When you switch on the business news and there’s nothing but talk of double dips and credit downgrades, it could be time to think about ways to batten down the hatches and build in barriers against recession within your business. No matter what type of small business you own, there are always steps you can take to ensure that when the grim reaper of insolvency comes knocking within your industry – he’ll walk right past your door.
Here’s how to recession proof your business against a downturn:
- First, understand and monitor your key metrics closer than ever. This means ensuring that your accounting, book keeping and management accounts are feeding you accurate and current stats.
- Stay on top of cash flow. One of the most systematic causes of business failures during a downturn is simply not being able to pay the bills.

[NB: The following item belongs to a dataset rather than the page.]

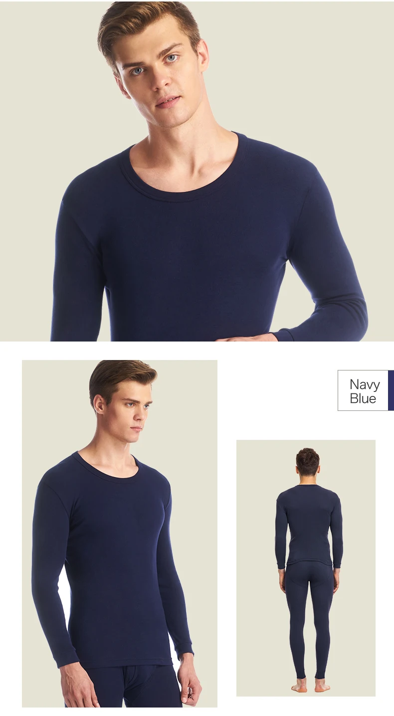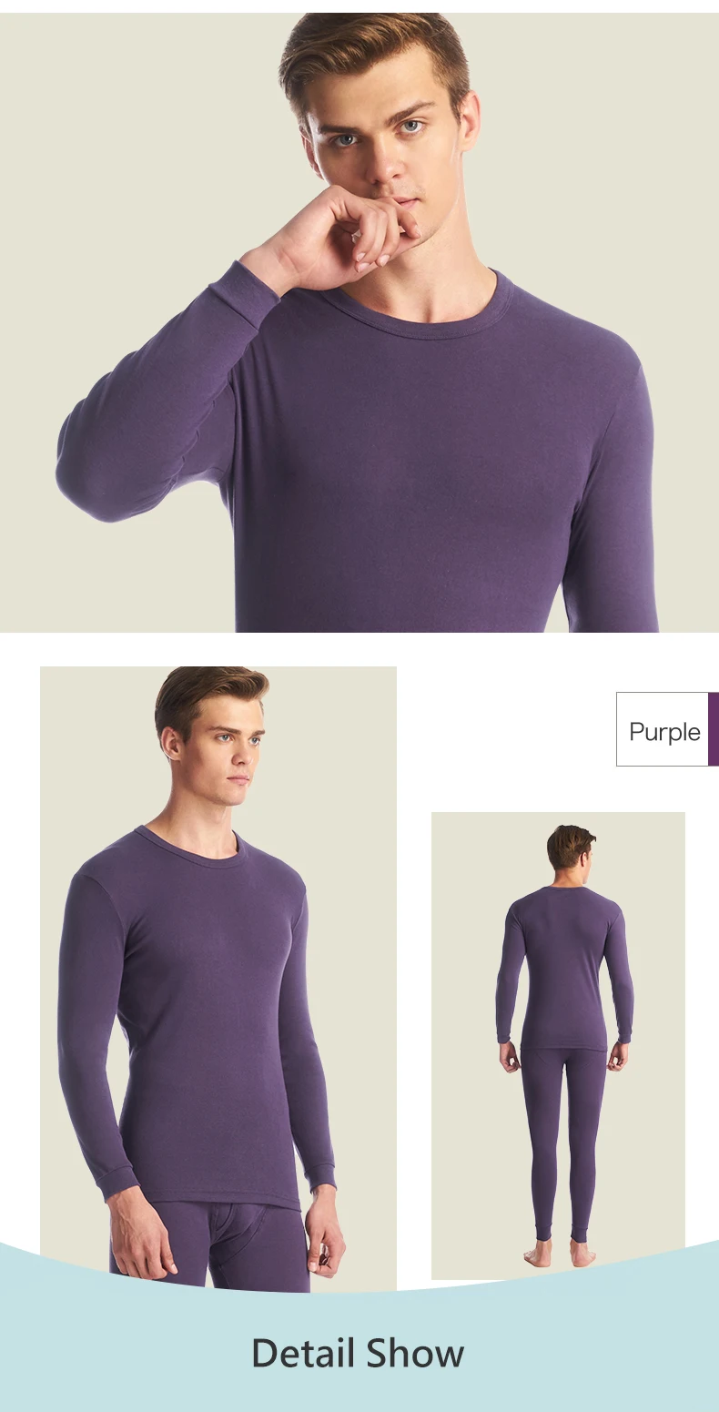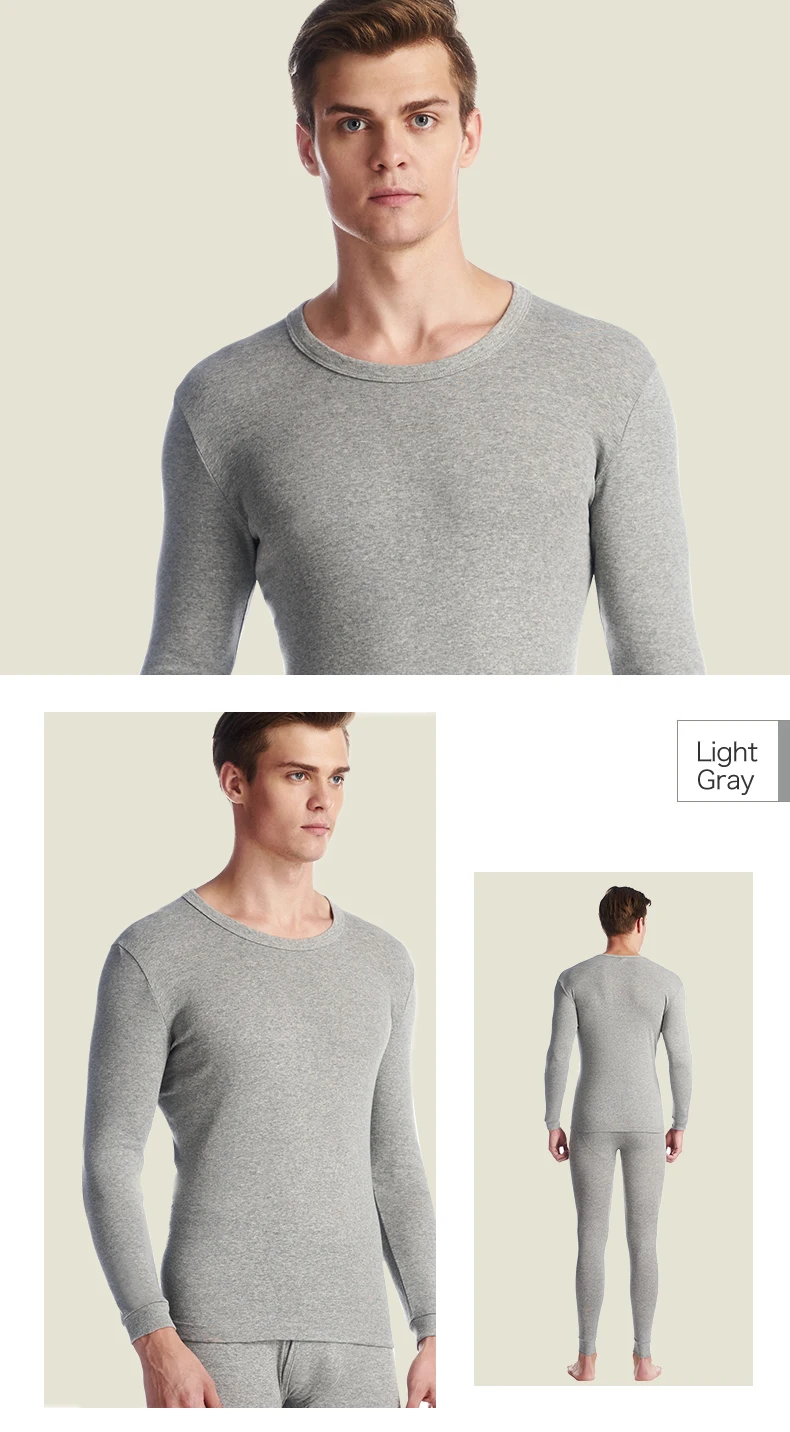 THREEGUN 100% Cotton Winter Round Neck Warm Long Johns Set For Men Ultra-Soft Solid Color Thin Thermal Underwear Men’s Pajamas

If you’ve no cash, and you’ve extended every last medium of credit imaginable…you’re probably going out of business.
- Don’t dither in making tough decisions. If you’re slipping into the red, proactively deal with the problem right away rather than hoping that things will improve by themselves. Figure out where considerable cost savings can be made and implement them with steel like resolve. Even if your business isn’t in immediate financial distress, a general cost saving review from time to time is advisable – and during a recession should be mandatory.
- Offer more. During dire times, not only do businesses feel the pinch but customers do too. Wages can often be stagnant and depending on your industry, recession psychology can lead to customers switching to cheaper providers, scaling back their purchases or stopping altogether. Adopt client-centric strategies to provide as much value as possible to your existing customers, and establish a personal rapport with as many of them as possible. This is one area where a smaller, more personable business has the edge over FTSE 100 giants. Some ways to do this are to set-up a newsletter and contact your customers regularly with insightful information, and to develop a strong social media presence.
- Strengthen your debt collection efforts. One of the inevitable consequences of a recession is a rise in bad debts – whether your clients are businesses or individuals, set up a robust debt collection system. Consider shortening the number of days you wait before calling in your payments due – 45 to 90 may be the norm, but consider getting onto your customers once they stray past 30 days without payment.
- Talk. The stronger your professional bonds with stakeholders like bankers, suppliers and customers the more likely you’ll get a bit of a breather if you stumble on to a spot of bother. The personal touch can work wonders – your banker may extend you some extra credit or give the nod to a bridging loan in a 50/50 scenario. Your suppliers may be able to cut you a better deal when it’s time to negotiate a new contract. And your customers are more likely to stick around, and perhaps throw a little more cash into your till now and again.
- Ditch unprofitable customers. Some customers can end up being a real drain on your resources and end up costing you more than you make. Drop contracts and clients that are landing you in the red.